_EXERCISE BRIEF:_ Drop the images; return everything else in the listing below exactly.

_DATA SHOWN:_

- - -

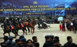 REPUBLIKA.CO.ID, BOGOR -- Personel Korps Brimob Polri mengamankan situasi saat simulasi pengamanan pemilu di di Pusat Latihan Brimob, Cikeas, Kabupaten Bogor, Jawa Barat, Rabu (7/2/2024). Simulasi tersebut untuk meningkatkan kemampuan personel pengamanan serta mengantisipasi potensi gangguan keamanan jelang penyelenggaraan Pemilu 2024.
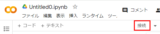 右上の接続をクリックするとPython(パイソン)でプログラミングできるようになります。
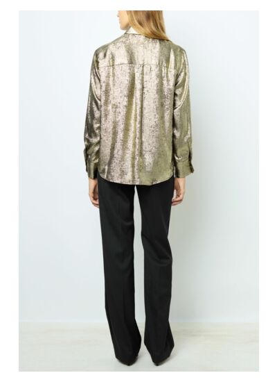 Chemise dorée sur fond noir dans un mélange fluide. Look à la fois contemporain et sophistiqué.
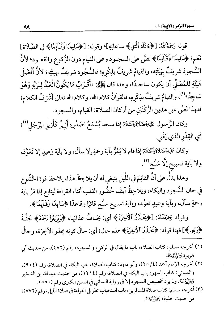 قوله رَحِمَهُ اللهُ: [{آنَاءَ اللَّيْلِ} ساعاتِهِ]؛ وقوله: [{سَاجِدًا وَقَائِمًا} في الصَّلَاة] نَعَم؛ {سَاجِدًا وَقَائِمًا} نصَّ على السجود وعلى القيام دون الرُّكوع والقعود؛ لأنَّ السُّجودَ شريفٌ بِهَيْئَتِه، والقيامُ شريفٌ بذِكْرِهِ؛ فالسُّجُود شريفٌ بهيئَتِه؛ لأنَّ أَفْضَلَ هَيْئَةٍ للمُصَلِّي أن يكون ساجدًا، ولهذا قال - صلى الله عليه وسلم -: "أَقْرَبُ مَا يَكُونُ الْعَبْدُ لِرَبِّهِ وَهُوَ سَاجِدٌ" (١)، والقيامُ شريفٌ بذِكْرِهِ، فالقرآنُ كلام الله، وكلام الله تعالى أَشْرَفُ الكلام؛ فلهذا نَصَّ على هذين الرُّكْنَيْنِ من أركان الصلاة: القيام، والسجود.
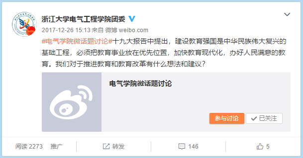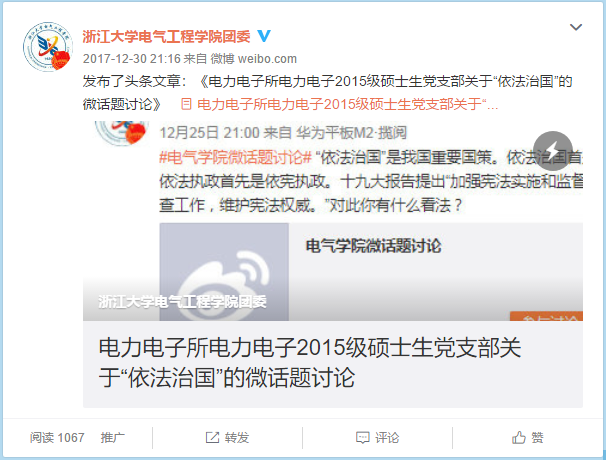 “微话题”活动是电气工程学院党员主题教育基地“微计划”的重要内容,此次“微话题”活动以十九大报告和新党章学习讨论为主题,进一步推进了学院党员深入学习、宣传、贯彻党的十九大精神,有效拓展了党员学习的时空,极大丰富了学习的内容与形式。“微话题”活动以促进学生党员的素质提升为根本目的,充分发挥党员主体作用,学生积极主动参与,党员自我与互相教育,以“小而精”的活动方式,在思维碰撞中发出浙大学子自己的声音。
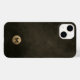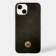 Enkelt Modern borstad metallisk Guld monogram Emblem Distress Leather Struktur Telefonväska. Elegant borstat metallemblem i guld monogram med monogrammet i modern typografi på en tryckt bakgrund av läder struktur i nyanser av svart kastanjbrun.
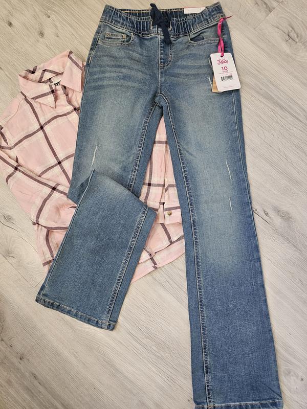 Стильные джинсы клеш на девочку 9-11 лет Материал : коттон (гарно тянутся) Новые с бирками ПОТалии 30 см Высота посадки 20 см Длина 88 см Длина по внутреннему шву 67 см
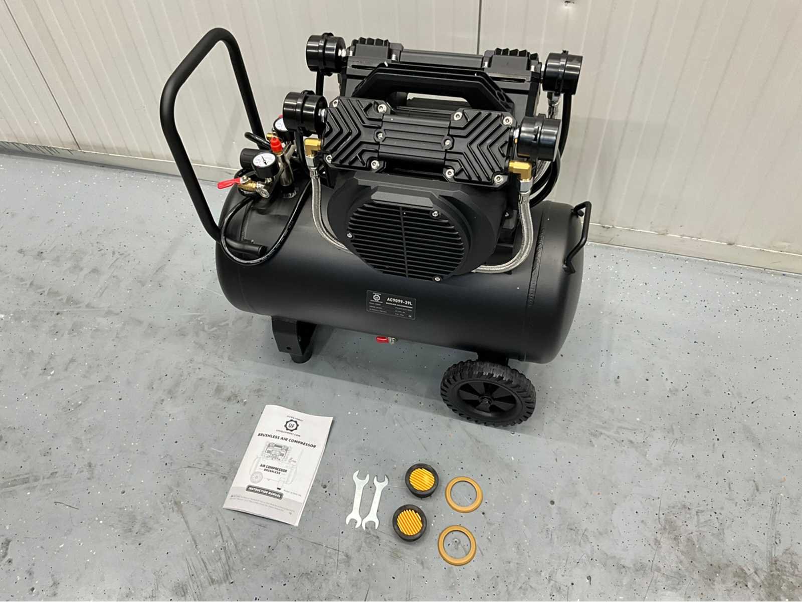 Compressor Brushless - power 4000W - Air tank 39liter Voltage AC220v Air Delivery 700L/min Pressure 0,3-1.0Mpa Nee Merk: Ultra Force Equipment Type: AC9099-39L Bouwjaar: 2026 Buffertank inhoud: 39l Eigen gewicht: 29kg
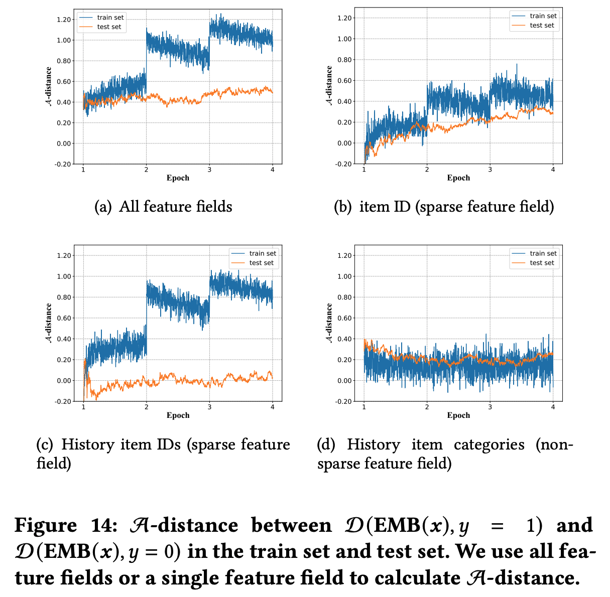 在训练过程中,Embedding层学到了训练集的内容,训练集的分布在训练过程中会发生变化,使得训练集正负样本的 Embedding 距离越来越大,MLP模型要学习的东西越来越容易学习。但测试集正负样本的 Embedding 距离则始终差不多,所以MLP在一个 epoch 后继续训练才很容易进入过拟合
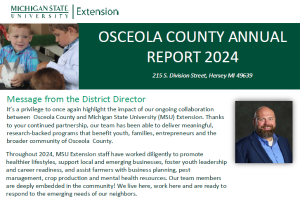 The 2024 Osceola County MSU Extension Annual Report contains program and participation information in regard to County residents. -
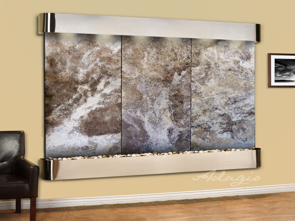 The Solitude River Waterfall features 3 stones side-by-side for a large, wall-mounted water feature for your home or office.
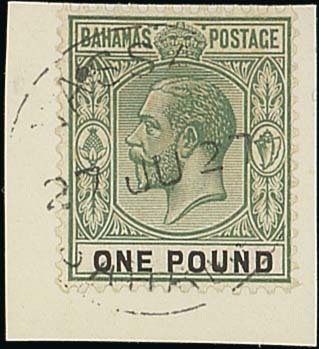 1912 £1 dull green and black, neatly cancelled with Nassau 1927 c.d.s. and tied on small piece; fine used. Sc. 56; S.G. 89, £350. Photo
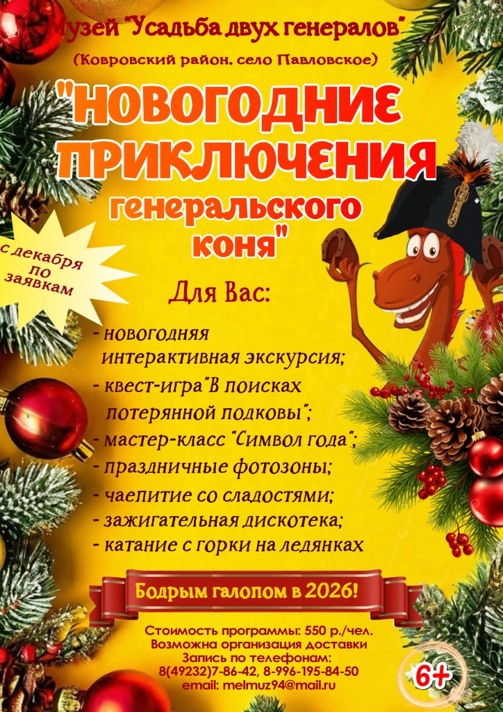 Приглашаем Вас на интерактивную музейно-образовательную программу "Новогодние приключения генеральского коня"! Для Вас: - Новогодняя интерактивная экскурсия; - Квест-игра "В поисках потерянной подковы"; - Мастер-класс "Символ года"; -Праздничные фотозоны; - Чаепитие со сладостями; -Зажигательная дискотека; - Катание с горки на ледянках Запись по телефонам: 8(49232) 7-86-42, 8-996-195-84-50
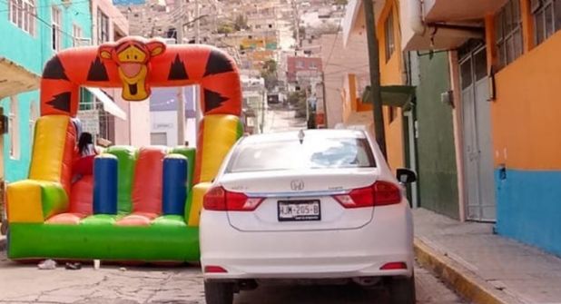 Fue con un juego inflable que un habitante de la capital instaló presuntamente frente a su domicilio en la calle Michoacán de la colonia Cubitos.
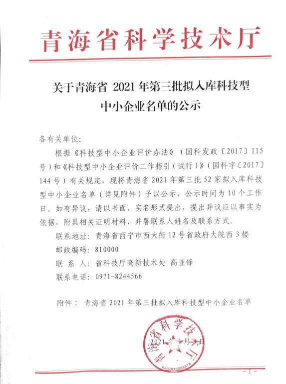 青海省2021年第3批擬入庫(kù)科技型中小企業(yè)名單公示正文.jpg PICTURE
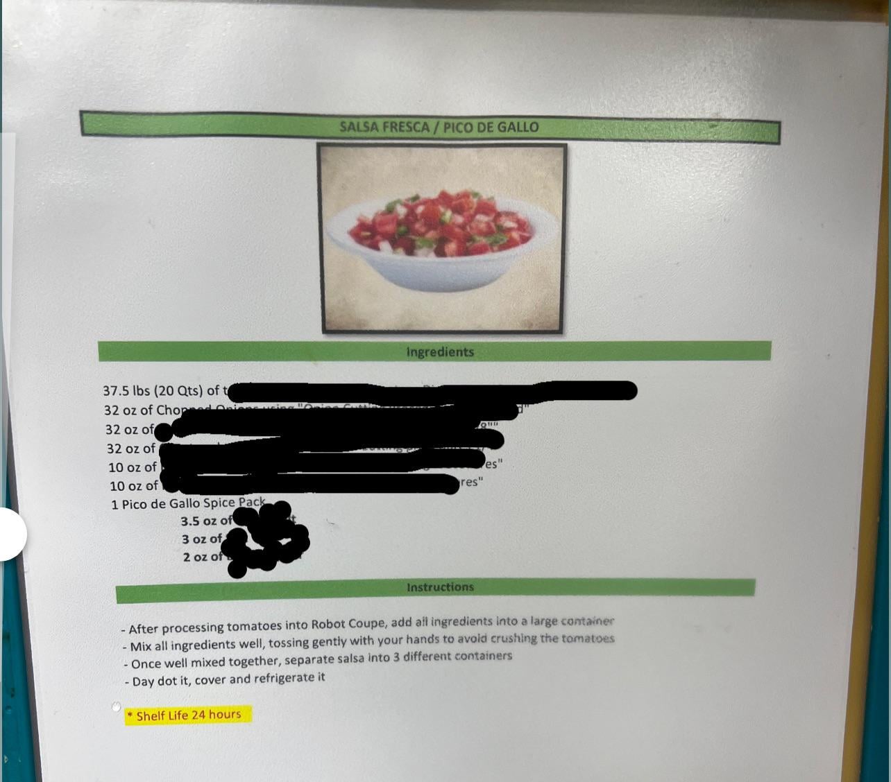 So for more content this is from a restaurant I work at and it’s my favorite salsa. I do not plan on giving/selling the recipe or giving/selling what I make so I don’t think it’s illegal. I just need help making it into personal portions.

- - -

_SOLVED EXERCISE:_
 REPUBLIKA.CO.ID, BOGOR -- Personel Korps Brimob Polri mengamankan situasi saat simulasi pengamanan pemilu di di Pusat Latihan Brimob, Cikeas, Kabupaten Bogor, Jawa Barat, Rabu (7/2/2024). Simulasi tersebut untuk meningkatkan kemampuan personel pengamanan serta mengantisipasi potensi gangguan keamanan jelang penyelenggaraan Pemilu 2024.
 右上の接続をクリックするとPython(パイソン)でプログラミングできるようになります。
 Chemise dorée sur fond noir dans un mélange fluide. Look à la fois contemporain et sophistiqué.
 قوله رَحِمَهُ اللهُ: [{آنَاءَ اللَّيْلِ} ساعاتِهِ]؛ وقوله: [{سَاجِدًا وَقَائِمًا} في الصَّلَاة] نَعَم؛ {سَاجِدًا وَقَائِمًا} نصَّ على السجود وعلى القيام دون الرُّكوع والقعود؛ لأنَّ السُّجودَ شريفٌ بِهَيْئَتِه، والقيامُ شريفٌ بذِكْرِهِ؛ فالسُّجُود شريفٌ بهيئَتِه؛ لأنَّ أَفْضَلَ هَيْئَةٍ للمُصَلِّي أن يكون ساجدًا، ولهذا قال - صلى الله عليه وسلم -: "أَقْرَبُ مَا يَكُونُ الْعَبْدُ لِرَبِّهِ وَهُوَ سَاجِدٌ" (١)، والقيامُ شريفٌ بذِكْرِهِ، فالقرآنُ كلام الله، وكلام الله تعالى أَشْرَفُ الكلام؛ فلهذا نَصَّ على هذين الرُّكْنَيْنِ من أركان الصلاة: القيام، والسجود.
 “微话题”活动是电气工程学院党员主题教育基地“微计划”的重要内容,此次“微话题”活动以十九大报告和新党章学习讨论为主题,进一步推进了学院党员深入学习、宣传、贯彻党的十九大精神,有效拓展了党员学习的时空,极大丰富了学习的内容与形式。“微话题”活动以促进学生党员的素质提升为根本目的,充分发挥党员主体作用,学生积极主动参与,党员自我与互相教育,以“小而精”的活动方式,在思维碰撞中发出浙大学子自己的声音。
 Enkelt Modern borstad metallisk Guld monogram Emblem Distress Leather Struktur Telefonväska. Elegant borstat metallemblem i guld monogram med monogrammet i modern typografi på en tryckt bakgrund av läder struktur i nyanser av svart kastanjbrun.
 Стильные джинсы клеш на девочку 9-11 лет Материал : коттон (гарно тянутся) Новые с бирками ПОТалии 30 см Высота посадки 20 см Длина 88 см Длина по внутреннему шву 67 см
 Compressor Brushless - power 4000W - Air tank 39liter Voltage AC220v Air Delivery 700L/min Pressure 0,3-1.0Mpa Nee Merk: Ultra Force Equipment Type: AC9099-39L Bouwjaar: 2026 Buffertank inhoud: 39l Eigen gewicht: 29kg
 在训练过程中,Embedding层学到了训练集的内容,训练集的分布在训练过程中会发生变化,使得训练集正负样本的 Embedding 距离越来越大,MLP模型要学习的东西越来越容易学习。但测试集正负样本的 Embedding 距离则始终差不多,所以MLP在一个 epoch 后继续训练才很容易进入过拟合
 The 2024 Osceola County MSU Extension Annual Report contains program and participation information in regard to County residents. -
 The Solitude River Waterfall features 3 stones side-by-side for a large, wall-mounted water feature for your home or office.
 1912 £1 dull green and black, neatly cancelled with Nassau 1927 c.d.s. and tied on small piece; fine used. Sc. 56; S.G. 89, £350. Photo
 Приглашаем Вас на интерактивную музейно-образовательную программу "Новогодние приключения генеральского коня"! Для Вас: - Новогодняя интерактивная экскурсия; - Квест-игра "В поисках потерянной подковы"; - Мастер-класс "Символ года"; -Праздничные фотозоны; - Чаепитие со сладостями; -Зажигательная дискотека; - Катание с горки на ледянках Запись по телефонам: 8(49232) 7-86-42, 8-996-195-84-50
 Fue con un juego inflable que un habitante de la capital instaló presuntamente frente a su domicilio en la calle Michoacán de la colonia Cubitos.
 青海省2021年第3批擬入庫(kù)科技型中小企業(yè)名單公示正文.jpg PICTURE
 So for more content this is from a restaurant I work at and it’s my favorite salsa. I do not plan on giving/selling the recipe or giving/selling what I make so I don’t think it’s illegal. I just need help making it into personal portions.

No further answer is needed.